WHAT YOU SHOULD DO:
Could you repeat the entries below exactly, but only from the line with "Логарифмічна крива випадків" through the line with "Tenis preto faixa lateral em verniz", and without any picture?

DATASET ENTRIES:
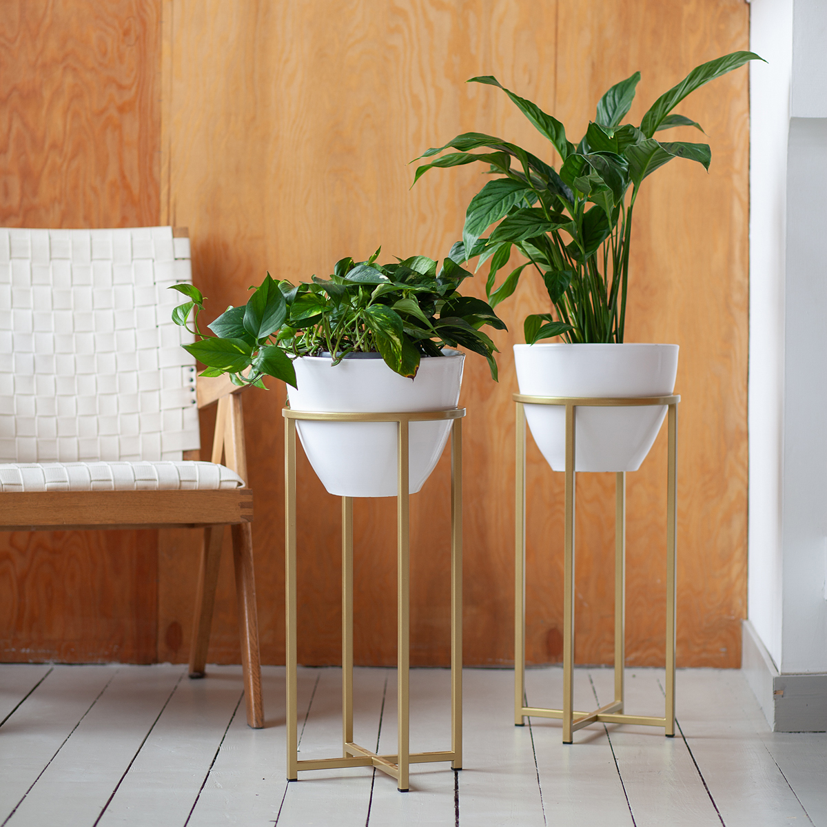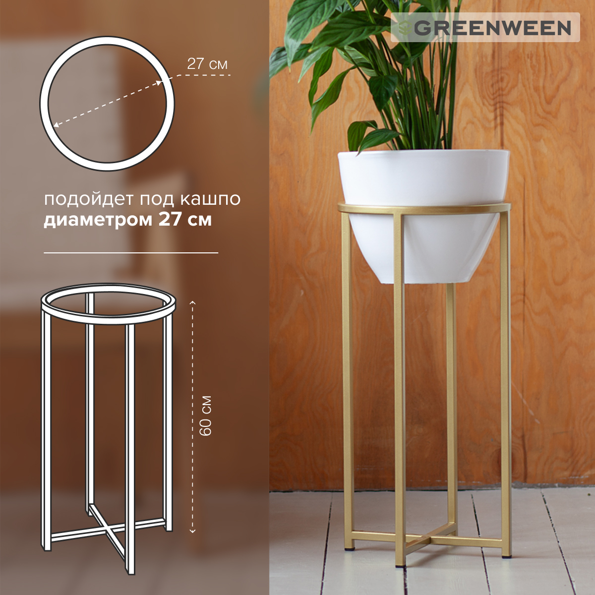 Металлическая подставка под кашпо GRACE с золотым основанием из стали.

--

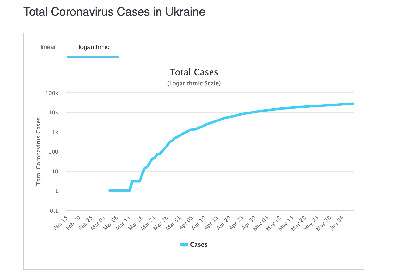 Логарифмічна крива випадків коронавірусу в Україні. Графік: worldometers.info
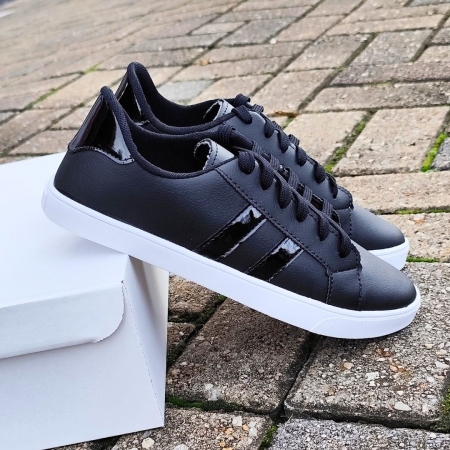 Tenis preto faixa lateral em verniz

ANSWER FOR THE TASK:
 Логарифмічна крива випадків коронавірусу в Україні. Графік: worldometers.info
 Tenis preto faixa lateral em verniz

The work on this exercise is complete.